• [DATASET RECORDS]
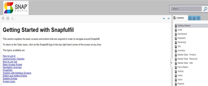 Help – The Help icon brings up the Help pages for SnapFulfil web on a new tab.
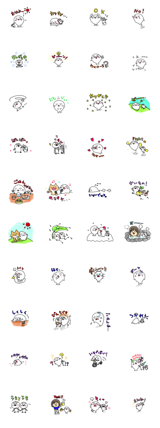 アザラシのぽくのすけと、お友達の日常スタンプ。毎日のほほんと過ごしてる、ぽくのすけたち。
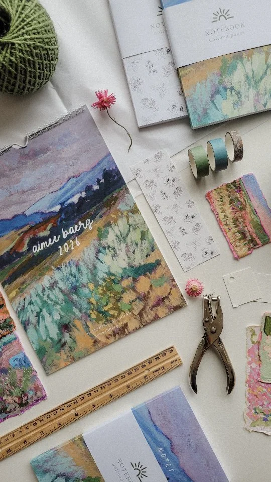Hi, friend! I’m Aimee Baerg, an artist and mother, and my paintings are inspired by my surroundings in the Okanagan Valley, created amidst the messiness of motherhood.
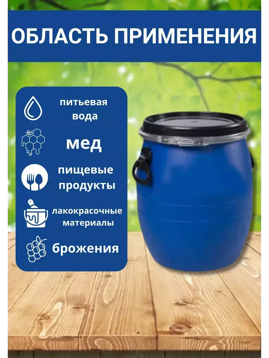 Широкая горловина сокращает время фасовки и растаривания. Крышка с полиуретановым уплотнителем обеспечивает герметичность бочки. Надежный металлический хомут с немецким замком надежно фиксирует крышку. Шплинт для пломбирования позволяет сохранить содержимое бочек нетронутым. Стрелка предохраняет бочку от деформации из-за температурных перепадов до момента фасовки. Удобные, надежные и безопасные пластиковые ручки максимально облегчают процесс переноски бочек. Дно и верхняя поверхность крышки конструктивно сопрягаются, что позволяет штабелировать изделия.
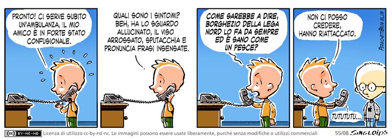 Ted: Pronto! ci serve subito un’ambulanza, il mio amico è in forte stato confusionale. – Ted: Quali sono i sintomi? Beh, ha lo sguardo allucinato, il viso arrossato, sputacchia e pronuncia frasi insensate. – Ted: Come sarebbe a dire, borghezio della lega nordi lo fa da sempre ed è sano come un pesce? – Ted: non ci posso credere, hanno riattaccato.
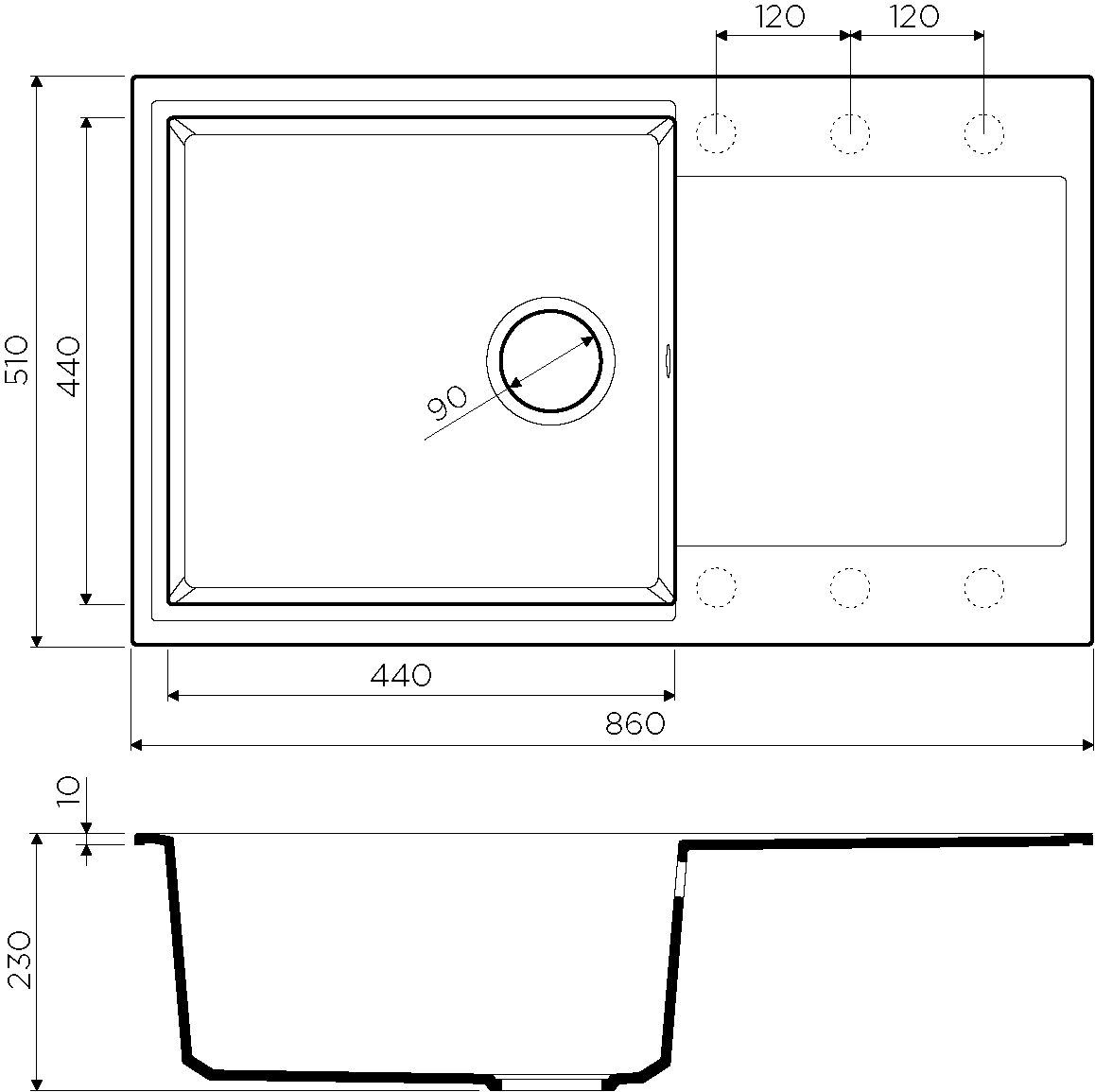 - Помимо гранита, в состав материала входит молотый кварц мельчайших размеров, которому характерны непревзойденная прочность и устойчивость к природным и химическим воздействиям. Свойства данного компонента вместе с долговечностью гранита обеспечивают мойке прочность и делают её устойчивой к любым механическим повреждениям: деформациям, сколам;
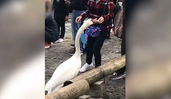 疑似中国游客用纸挑逗天鹅被抢 掐脖子欲抢回(图)
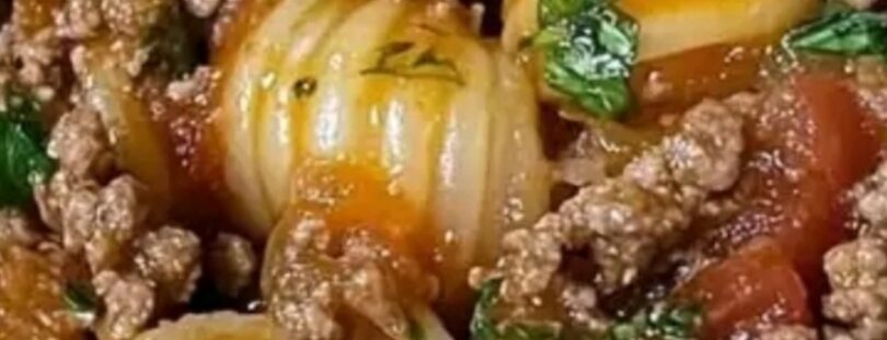 - While the water heats, heat olive oil in a large skillet or Dutch oven over medium-high heat. Add the ground beef and diced onion. Cook, breaking the meat apart with a spoon, until the beef is browned and the onion is softened. Drain any excess fat.
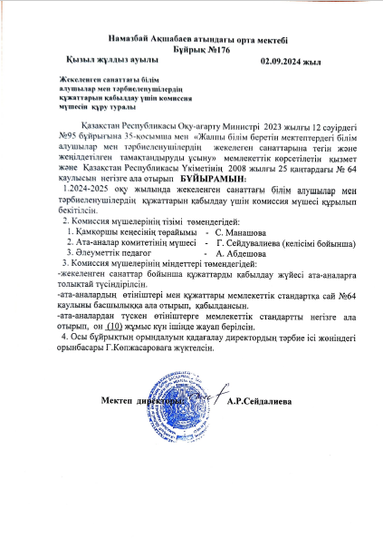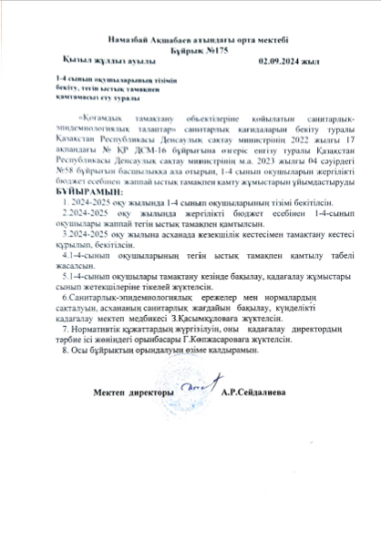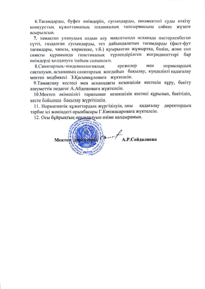 Ыстық тамақпен қамту жұмыстарын ұйымдастыру туралы БҰЙРЫҚ » сш. им.Акшабаева

• [EXERCISE BRIEF]
An exact copy of the listing is required, with every image removed.

• [SOLUTION]
 Help – The Help icon brings up the Help pages for SnapFulfil web on a new tab.
 アザラシのぽくのすけと、お友達の日常スタンプ。毎日のほほんと過ごしてる、ぽくのすけたち。
Hi, friend! I’m Aimee Baerg, an artist and mother, and my paintings are inspired by my surroundings in the Okanagan Valley, created amidst the messiness of motherhood.
 Широкая горловина сокращает время фасовки и растаривания. Крышка с полиуретановым уплотнителем обеспечивает герметичность бочки. Надежный металлический хомут с немецким замком надежно фиксирует крышку. Шплинт для пломбирования позволяет сохранить содержимое бочек нетронутым. Стрелка предохраняет бочку от деформации из-за температурных перепадов до момента фасовки. Удобные, надежные и безопасные пластиковые ручки максимально облегчают процесс переноски бочек. Дно и верхняя поверхность крышки конструктивно сопрягаются, что позволяет штабелировать изделия.
 Ted: Pronto! ci serve subito un’ambulanza, il mio amico è in forte stato confusionale. – Ted: Quali sono i sintomi? Beh, ha lo sguardo allucinato, il viso arrossato, sputacchia e pronuncia frasi insensate. – Ted: Come sarebbe a dire, borghezio della lega nordi lo fa da sempre ed è sano come un pesce? – Ted: non ci posso credere, hanno riattaccato.
 - Помимо гранита, в состав материала входит молотый кварц мельчайших размеров, которому характерны непревзойденная прочность и устойчивость к природным и химическим воздействиям. Свойства данного компонента вместе с долговечностью гранита обеспечивают мойке прочность и делают её устойчивой к любым механическим повреждениям: деформациям, сколам;
 疑似中国游客用纸挑逗天鹅被抢 掐脖子欲抢回(图)
 - While the water heats, heat olive oil in a large skillet or Dutch oven over medium-high heat. Add the ground beef and diced onion. Cook, breaking the meat apart with a spoon, until the beef is browned and the onion is softened. Drain any excess fat.
 Ыстық тамақпен қамту жұмыстарын ұйымдастыру туралы БҰЙРЫҚ » сш. им.Акшабаева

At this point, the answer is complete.